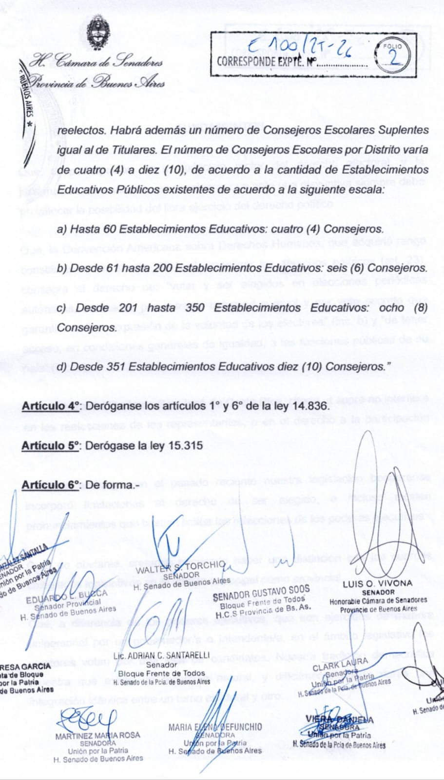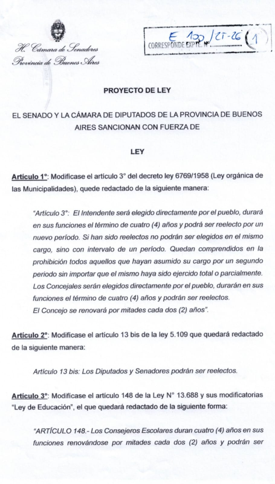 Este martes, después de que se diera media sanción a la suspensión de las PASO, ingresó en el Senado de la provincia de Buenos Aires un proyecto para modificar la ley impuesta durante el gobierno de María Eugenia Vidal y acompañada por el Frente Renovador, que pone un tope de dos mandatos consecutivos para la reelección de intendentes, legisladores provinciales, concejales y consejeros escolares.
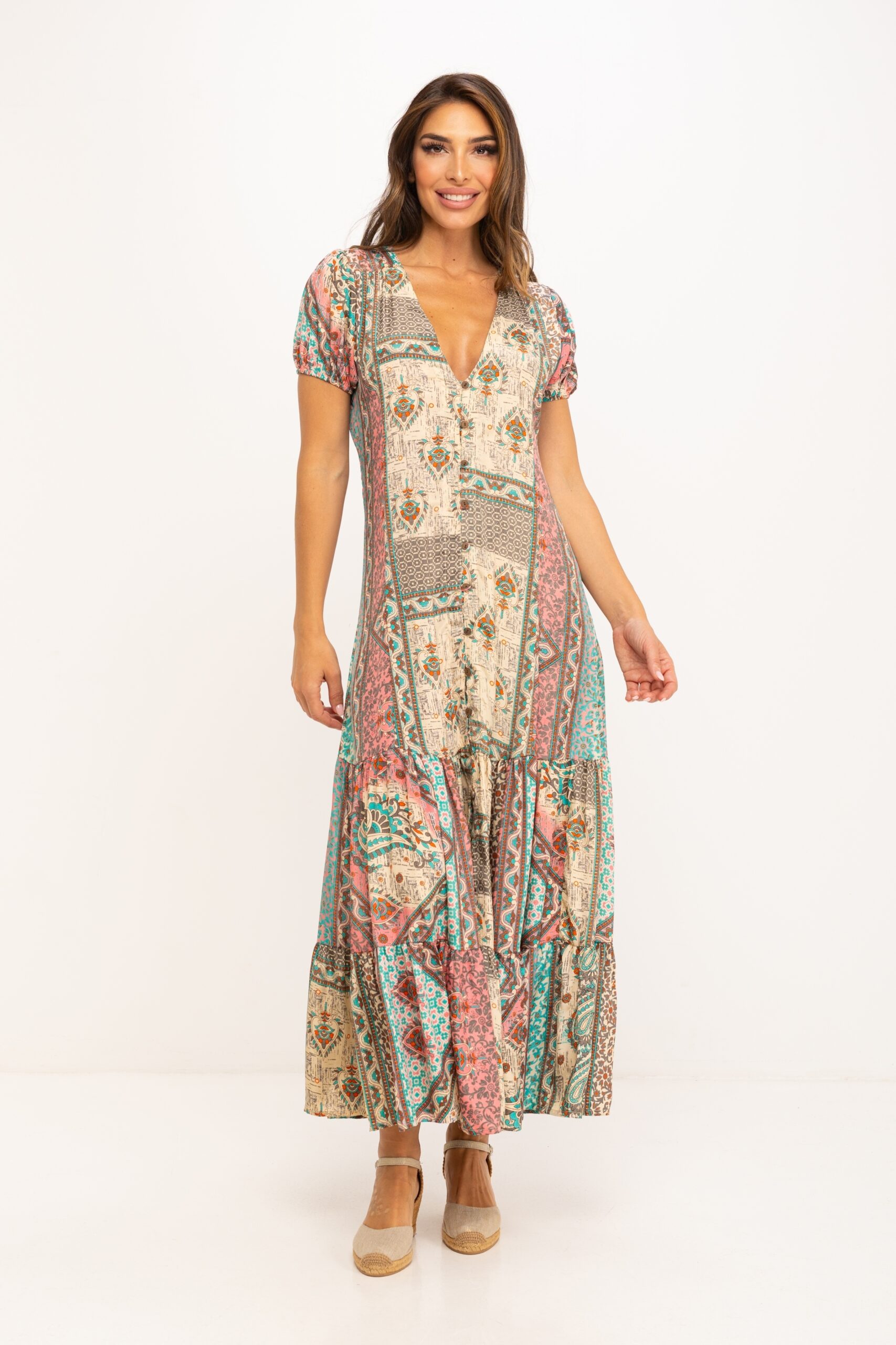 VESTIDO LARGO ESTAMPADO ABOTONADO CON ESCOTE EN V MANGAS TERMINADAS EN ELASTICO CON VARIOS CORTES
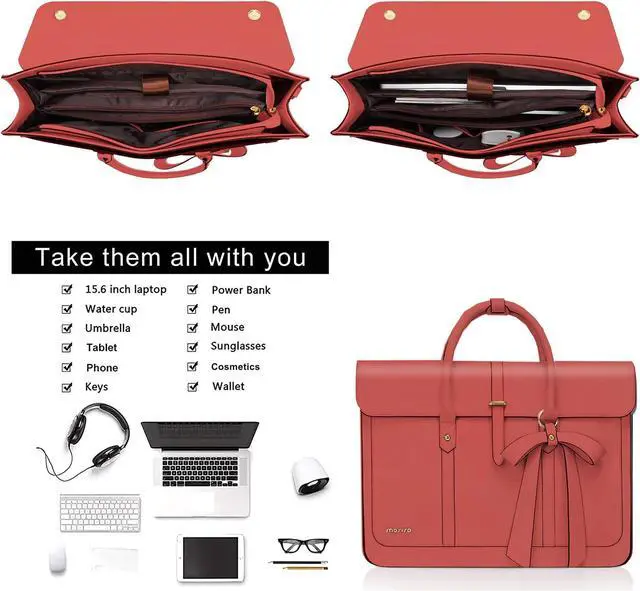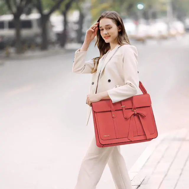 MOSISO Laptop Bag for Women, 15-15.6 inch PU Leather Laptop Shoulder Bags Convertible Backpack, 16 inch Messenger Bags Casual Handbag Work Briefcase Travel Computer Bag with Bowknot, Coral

====

▶ _Try it_:
Write the listing out exactly, apart from its pictures.

▶ _Exercise answer_:
 Este martes, después de que se diera media sanción a la suspensión de las PASO, ingresó en el Senado de la provincia de Buenos Aires un proyecto para modificar la ley impuesta durante el gobierno de María Eugenia Vidal y acompañada por el Frente Renovador, que pone un tope de dos mandatos consecutivos para la reelección de intendentes, legisladores provinciales, concejales y consejeros escolares.
 VESTIDO LARGO ESTAMPADO ABOTONADO CON ESCOTE EN V MANGAS TERMINADAS EN ELASTICO CON VARIOS CORTES
 MOSISO Laptop Bag for Women, 15-15.6 inch PU Leather Laptop Shoulder Bags Convertible Backpack, 16 inch Messenger Bags Casual Handbag Work Briefcase Travel Computer Bag with Bowknot, Coral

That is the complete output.